Signatures: means initials or in the case of a disabled person, a mark i.e. cts have accepted ‘x’ as a signature, or ‘your loving mother’.
Further, a will is not invalidated simply because the signature does not immediately follow the last word of the witnesses’ signature, but any writing found after that of testator’s signature is normally excluded. Cts have ruled a will invalid where signature was at the top of the page.
B McLoughlan:
notary signed his name instead of testator, this was acceptable if it was done at his direction and there was no requirement to sign the name of testator; requires close scrutiny by the witnesses that the signature was under direction of testator. Initials and stamps are also valid.
Witnesses: they or their spouse cannot benefit under a will.
Re Bravada:
testator asked daughter to sign will in addition to witnesses. There was no detail to say they were signing in any other capacity other than witnesses and therefore their dispositions were voided by ct.
Interpretation of a will
• Why is this important: what is at stake
may be some confusion as to the intention of the testator and therefore cts will have to apply the principles of construction i.e. when wording of will is ambiguous or unclear: Heron v Ulster Bank, BOI v Gaynor.
Interpretation of a will
general rules:
(i) ct should read the relevant portion of the will and give it the natural meaning of the word;
(ii) look at other parts of the will to confirm the meaning, especially where ambiguity can be resolved;
(iii) if the ambiguity persists, have regard to the scheme of the will and consider what the t was trying to do;
(iv) then look to the rules of construction;
(v) look to judicial rules of interpretation;
(vi) draw assistance from opinion of other cts on similar words.
Armchair principle:
where there is latent ambiguity in the will, the cts will step outside the 4 corners of the will (4 corner principle) and put themselves in the testator’s shoes.

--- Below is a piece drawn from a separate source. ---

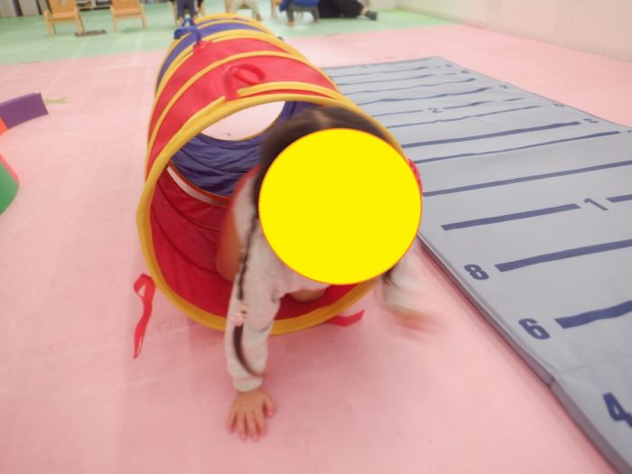 サーキット遊びでは平均台、トンネル、マットの上でゴロゴロ自分で転がることにチャレンジ!

Thorn v Dickens: made reference to ‘mother’, but he was actually referring to his wife.
Extrinsic evidence:
cases
Healy: Re Plunkets Estate: Re Callaghan: Butler v Butler: Re Julian:
Healy:
2 nephews with same name and needed extrinsic evidence to clear up discrepancy.
Where there is an inaccuracy e.g. in a description, there may also need extrinsic evidence e.g. Re Plunkets Estate:
MF was supposed to be living in France but this was no true. However even though the evidence admitted was factually correct, ct held it to be inconclusive.
Re Callaghan:
ct will decide when the description is inaccurate what the t intended rather than what is factually accurate.
Butler v Butler:
intention of testator should be clear and seeking out the meaning of the words in a direct fashion. Cts have a reluctance to interfere with wills.
Re Julian:
this will referred to the ‘Seamen’s Institute, Sir John Rogerson’s Quay’, there was one protestant one there and one catholic one on Eden Quay. Even though there was obviously a mistake, ct refused to allow admittance as on the face of the will, there was no ambiguity and the bequest was made to the catholic institute.